-Jestem kimś bliskim dla Pana syna, Harry'ego. - brunet na jego imię wyprostował się. - Przyszłam o czymś porozmawiać.
-Zamieniam się w słuch, ale najpierw... Kim konkretnie dla niego jesteś? - spytał.
-Koleżanką. - odpowiedziałam.
-Niech Ci będzie, skąd wiesz że jestem w kiciu?

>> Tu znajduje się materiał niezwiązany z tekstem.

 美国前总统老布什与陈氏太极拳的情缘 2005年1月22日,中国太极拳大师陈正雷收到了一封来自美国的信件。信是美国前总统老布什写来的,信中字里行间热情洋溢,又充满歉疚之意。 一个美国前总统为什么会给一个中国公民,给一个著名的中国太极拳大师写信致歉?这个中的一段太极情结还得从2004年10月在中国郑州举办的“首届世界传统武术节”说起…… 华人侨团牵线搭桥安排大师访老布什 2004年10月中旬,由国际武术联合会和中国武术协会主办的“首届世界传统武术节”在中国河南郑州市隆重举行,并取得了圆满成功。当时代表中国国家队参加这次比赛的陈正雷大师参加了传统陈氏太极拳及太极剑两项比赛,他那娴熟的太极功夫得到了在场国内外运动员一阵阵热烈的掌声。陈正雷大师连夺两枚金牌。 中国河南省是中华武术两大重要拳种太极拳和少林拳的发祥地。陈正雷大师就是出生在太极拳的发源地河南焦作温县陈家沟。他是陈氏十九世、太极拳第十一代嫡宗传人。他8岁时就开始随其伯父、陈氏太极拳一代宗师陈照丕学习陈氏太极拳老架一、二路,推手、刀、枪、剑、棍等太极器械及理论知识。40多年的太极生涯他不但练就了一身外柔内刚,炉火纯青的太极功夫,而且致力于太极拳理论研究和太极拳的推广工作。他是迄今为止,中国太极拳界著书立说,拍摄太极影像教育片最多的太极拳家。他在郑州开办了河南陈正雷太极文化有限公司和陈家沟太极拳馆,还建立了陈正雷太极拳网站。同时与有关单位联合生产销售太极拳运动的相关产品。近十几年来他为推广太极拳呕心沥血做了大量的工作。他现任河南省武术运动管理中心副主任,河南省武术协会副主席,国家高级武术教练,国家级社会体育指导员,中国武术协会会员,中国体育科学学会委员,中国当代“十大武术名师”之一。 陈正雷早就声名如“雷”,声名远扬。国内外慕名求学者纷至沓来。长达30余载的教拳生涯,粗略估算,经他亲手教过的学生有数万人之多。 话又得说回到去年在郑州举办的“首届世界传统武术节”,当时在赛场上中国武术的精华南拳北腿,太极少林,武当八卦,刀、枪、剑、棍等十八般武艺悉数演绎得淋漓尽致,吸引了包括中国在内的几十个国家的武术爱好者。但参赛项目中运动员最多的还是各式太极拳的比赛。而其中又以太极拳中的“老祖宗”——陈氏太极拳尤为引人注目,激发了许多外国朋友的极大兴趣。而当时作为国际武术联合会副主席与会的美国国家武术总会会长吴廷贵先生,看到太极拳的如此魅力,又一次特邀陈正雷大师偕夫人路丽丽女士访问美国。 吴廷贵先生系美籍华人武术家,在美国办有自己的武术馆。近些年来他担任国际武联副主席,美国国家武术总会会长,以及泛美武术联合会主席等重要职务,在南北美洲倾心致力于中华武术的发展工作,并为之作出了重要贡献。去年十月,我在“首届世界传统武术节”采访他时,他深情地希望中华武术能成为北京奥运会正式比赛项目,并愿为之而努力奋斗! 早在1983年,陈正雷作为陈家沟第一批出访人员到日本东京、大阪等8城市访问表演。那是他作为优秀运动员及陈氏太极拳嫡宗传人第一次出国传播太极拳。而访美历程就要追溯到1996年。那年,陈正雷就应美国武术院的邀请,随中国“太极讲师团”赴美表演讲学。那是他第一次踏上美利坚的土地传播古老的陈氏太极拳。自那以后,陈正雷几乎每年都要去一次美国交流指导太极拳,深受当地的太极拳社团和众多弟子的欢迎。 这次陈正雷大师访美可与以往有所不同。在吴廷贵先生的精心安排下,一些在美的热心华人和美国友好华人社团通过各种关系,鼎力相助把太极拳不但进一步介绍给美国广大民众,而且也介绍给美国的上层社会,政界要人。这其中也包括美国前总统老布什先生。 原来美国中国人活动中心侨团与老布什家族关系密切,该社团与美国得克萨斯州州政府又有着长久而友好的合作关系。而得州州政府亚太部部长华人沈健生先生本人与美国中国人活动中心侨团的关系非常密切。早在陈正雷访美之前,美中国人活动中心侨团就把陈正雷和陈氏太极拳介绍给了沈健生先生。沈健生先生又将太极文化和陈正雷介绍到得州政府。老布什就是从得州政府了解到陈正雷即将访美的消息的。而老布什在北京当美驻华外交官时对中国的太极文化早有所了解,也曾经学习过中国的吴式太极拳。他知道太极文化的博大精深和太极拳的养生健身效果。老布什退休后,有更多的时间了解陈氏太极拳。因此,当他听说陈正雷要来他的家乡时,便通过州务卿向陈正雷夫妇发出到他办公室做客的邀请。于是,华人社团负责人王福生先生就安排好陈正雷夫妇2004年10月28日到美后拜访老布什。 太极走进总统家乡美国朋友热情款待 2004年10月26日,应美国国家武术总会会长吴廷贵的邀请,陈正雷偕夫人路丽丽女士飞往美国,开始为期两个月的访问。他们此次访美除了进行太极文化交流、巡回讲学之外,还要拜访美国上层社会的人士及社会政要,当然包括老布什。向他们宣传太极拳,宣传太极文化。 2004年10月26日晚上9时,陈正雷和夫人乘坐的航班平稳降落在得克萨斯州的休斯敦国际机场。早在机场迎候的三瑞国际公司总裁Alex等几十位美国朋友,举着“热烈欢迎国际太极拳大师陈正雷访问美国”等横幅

-Harry mi powiedział. - wzruszyłam ramionami.
-T-to... Jestem pod wrażeniem. - wyjąkał. - On zawsze był w sobie skryty i nie lubił o sobie mówić, kiedyś, gdy jeszcze Anne mnie odwiedzała i było to jakieś osiem lat temu, opowiadała mi że jest dupkiem. - westchnął. - Chyba Ci ufa.
-Tak, myślę. Amelia Lee. - podałam mu dłoń.
-Desmont Styles. - uścisnął ją.
-Chodzi o to, że rozmawiałam z Harrym o Panu...
-Mówmy sobie na ty. - wtrącił.
-Jasne, więc mówił mi o tobie i jeszcze kilka lat temu, stwierdził że chciał by Cię zobaczyć, więc ja chcę to spełnić. - stwierdziłam. - Mogę z nim tu jutro przyjechać?
-Ależ oczywiście! - krzyknął podekscytowany. - Tak żałuję, rzeczy które robiłem te ponad dziesięć lat temu. - westchnął chowając twarz w dłoniach. -Chciałbym to naprawić, już nawet Anne mnie nie odwiedza od siedmiu lat. - pokręcił głową. - Jeszcze zostały mi dwa miesiące w tym okropnym miejscu. Nie wiem, co chcę robić jak stąd wyjdę, ale na pewno będę lepszym człowiekiem.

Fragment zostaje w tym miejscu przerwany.